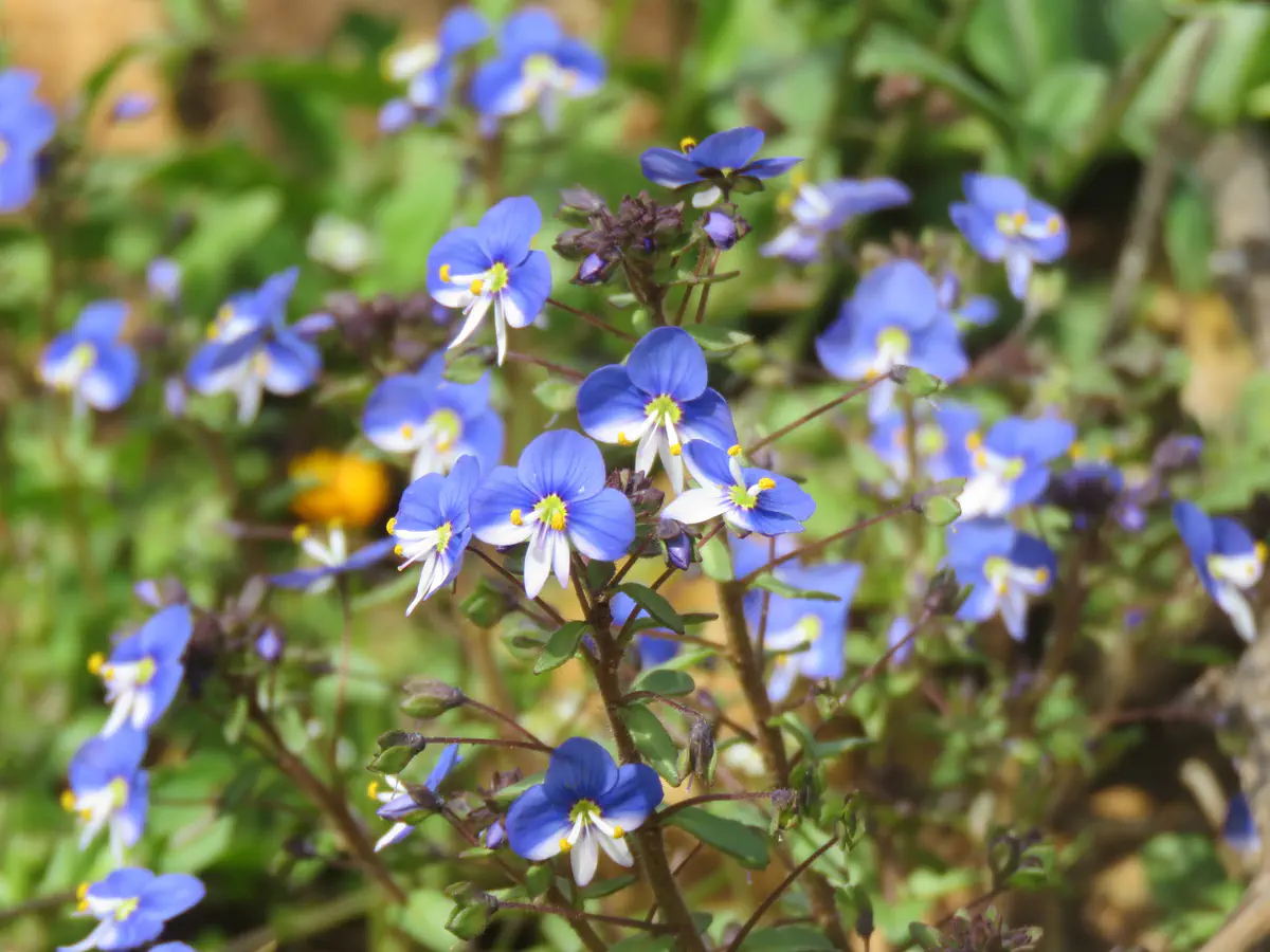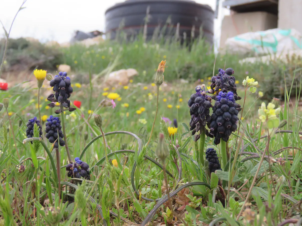 דוגמאות למיני צומח על סף איום/נדירים - מרווה כחולה, תודרה מזרחית, ארבע כנפות-צהובות, טופח כדורי- הגפן.
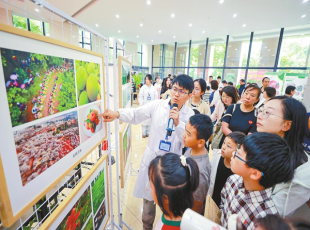 种质库工作人员带领小朋友和家长参观特色种质资源图片展。记者 胡妤雅 摄 在第8个中国农民丰收节来临之际,9月20日,国家云贵高原特色作物种质资源中期库(昆明)举办以“庆农业丰收 享美好生活”...
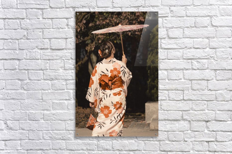 A quiet moment in a Tokyo garden as a woman in a summer yukata moves gently her parasol catching the light and echoing the soft tones of her clothing. Seen from behind there’s a sense of calm and privacy to the scene a passing glimpse rather than a posed moment with everything feeling unhurried and serene. The yukata is a lightweight informal kimono traditionally worn during the warmer months in Japan often seen at festivals or in garden settings. The parasol adds both function and elegance a familiar element that complements the seasonal atmosphere and reflects long-standing cultural traditions. A perfect photograph for those drawn to Japanese culture quiet moments and the understated beauty of traditional dress. This image is available as wall art and across a wide range of formats to suit your space or style.
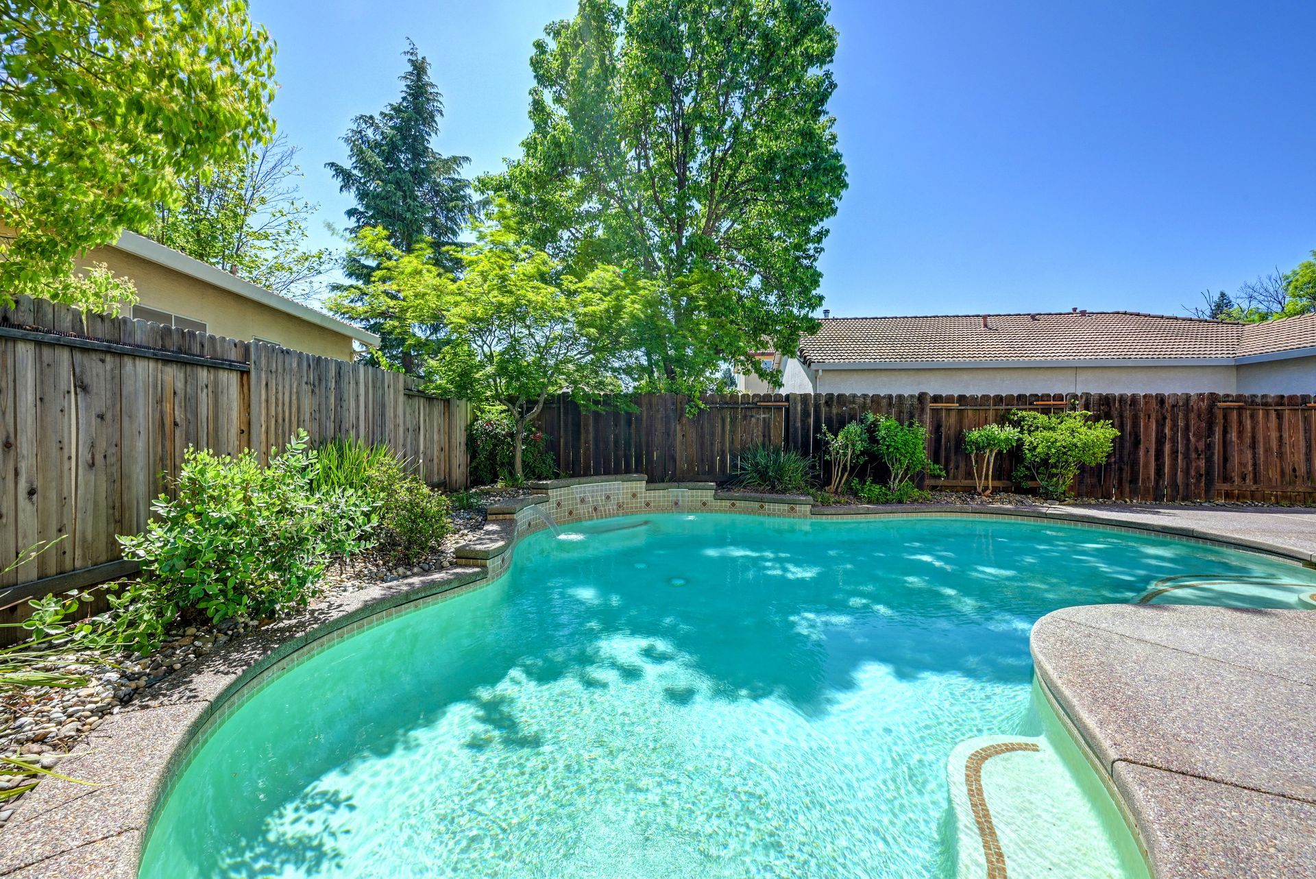 The resort-style backyard is a true retreat, highlighted by a gated sparkling saltwater pool with sheer descent waterfalls and a Cabo shelf, palm trees, garden boxes, and wide side yards..

• • • • •

● **TASK BRIEF**
With images left out, the data must be transcribed exactly.

● **OUTPUT OF THE TASK**
 דוגמאות למיני צומח על סף איום/נדירים - מרווה כחולה, תודרה מזרחית, ארבע כנפות-צהובות, טופח כדורי- הגפן.
 种质库工作人员带领小朋友和家长参观特色种质资源图片展。记者 胡妤雅 摄 在第8个中国农民丰收节来临之际,9月20日,国家云贵高原特色作物种质资源中期库(昆明)举办以“庆农业丰收 享美好生活”...
 A quiet moment in a Tokyo garden as a woman in a summer yukata moves gently her parasol catching the light and echoing the soft tones of her clothing. Seen from behind there’s a sense of calm and privacy to the scene a passing glimpse rather than a posed moment with everything feeling unhurried and serene. The yukata is a lightweight informal kimono traditionally worn during the warmer months in Japan often seen at festivals or in garden settings. The parasol adds both function and elegance a familiar element that complements the seasonal atmosphere and reflects long-standing cultural traditions. A perfect photograph for those drawn to Japanese culture quiet moments and the understated beauty of traditional dress. This image is available as wall art and across a wide range of formats to suit your space or style.
 The resort-style backyard is a true retreat, highlighted by a gated sparkling saltwater pool with sheer descent waterfalls and a Cabo shelf, palm trees, garden boxes, and wide side yards..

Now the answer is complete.